--- Exercise material Enclosed Below ---

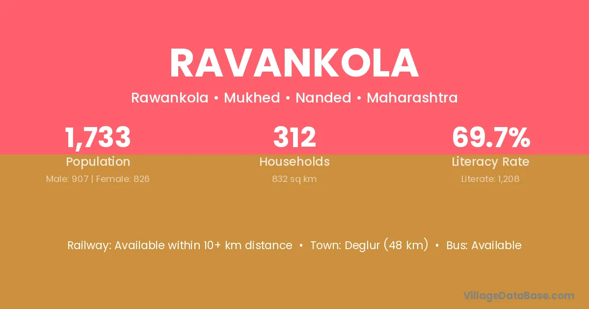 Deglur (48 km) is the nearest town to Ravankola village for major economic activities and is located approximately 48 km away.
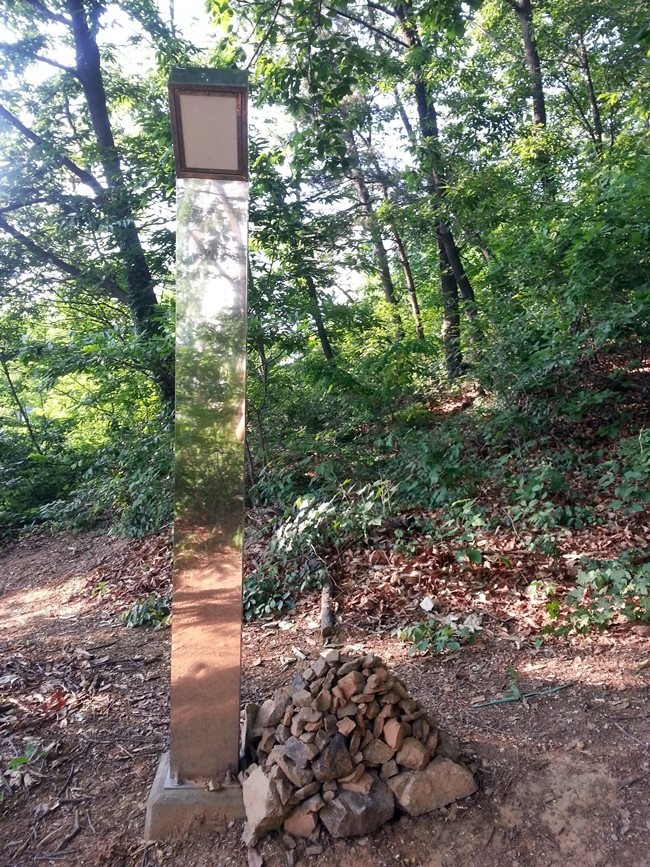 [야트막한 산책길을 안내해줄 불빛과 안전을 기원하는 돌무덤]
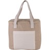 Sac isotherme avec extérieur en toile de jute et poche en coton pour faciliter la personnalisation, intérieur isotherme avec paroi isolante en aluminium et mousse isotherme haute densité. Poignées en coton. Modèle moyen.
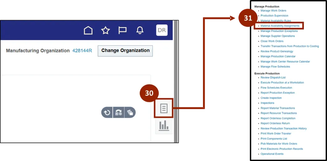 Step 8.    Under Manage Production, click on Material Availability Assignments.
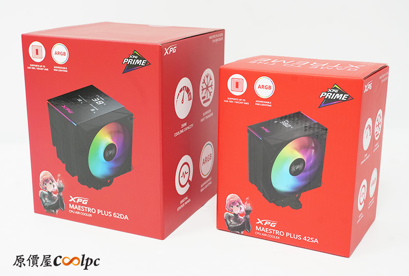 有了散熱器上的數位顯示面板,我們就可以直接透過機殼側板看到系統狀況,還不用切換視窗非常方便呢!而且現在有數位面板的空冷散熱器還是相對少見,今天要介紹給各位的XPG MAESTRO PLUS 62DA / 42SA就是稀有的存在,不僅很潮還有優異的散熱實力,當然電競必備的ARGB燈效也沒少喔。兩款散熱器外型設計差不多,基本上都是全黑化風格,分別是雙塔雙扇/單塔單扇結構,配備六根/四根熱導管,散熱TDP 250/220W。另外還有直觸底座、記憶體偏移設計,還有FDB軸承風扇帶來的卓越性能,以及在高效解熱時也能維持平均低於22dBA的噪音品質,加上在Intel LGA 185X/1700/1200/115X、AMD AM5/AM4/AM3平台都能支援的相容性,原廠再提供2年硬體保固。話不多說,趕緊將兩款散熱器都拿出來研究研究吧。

--- End of Enclosed Exercise material ---

◆ **What is expected**
Starting with the line that contains "[야트막한 산책길을 안내해줄 불빛과 안전을 기원하는 돌무덤]", print every line through the end of the data exactly as written; omit all pictures and add nothing else.

◆ **Answer to this exercise**
 [야트막한 산책길을 안내해줄 불빛과 안전을 기원하는 돌무덤]
 Sac isotherme avec extérieur en toile de jute et poche en coton pour faciliter la personnalisation, intérieur isotherme avec paroi isolante en aluminium et mousse isotherme haute densité. Poignées en coton. Modèle moyen.
 Step 8.    Under Manage Production, click on Material Availability Assignments.
 有了散熱器上的數位顯示面板,我們就可以直接透過機殼側板看到系統狀況,還不用切換視窗非常方便呢!而且現在有數位面板的空冷散熱器還是相對少見,今天要介紹給各位的XPG MAESTRO PLUS 62DA / 42SA就是稀有的存在,不僅很潮還有優異的散熱實力,當然電競必備的ARGB燈效也沒少喔。兩款散熱器外型設計差不多,基本上都是全黑化風格,分別是雙塔雙扇/單塔單扇結構,配備六根/四根熱導管,散熱TDP 250/220W。另外還有直觸底座、記憶體偏移設計,還有FDB軸承風扇帶來的卓越性能,以及在高效解熱時也能維持平均低於22dBA的噪音品質,加上在Intel LGA 185X/1700/1200/115X、AMD AM5/AM4/AM3平台都能支援的相容性,原廠再提供2年硬體保固。話不多說,趕緊將兩款散熱器都拿出來研究研究吧。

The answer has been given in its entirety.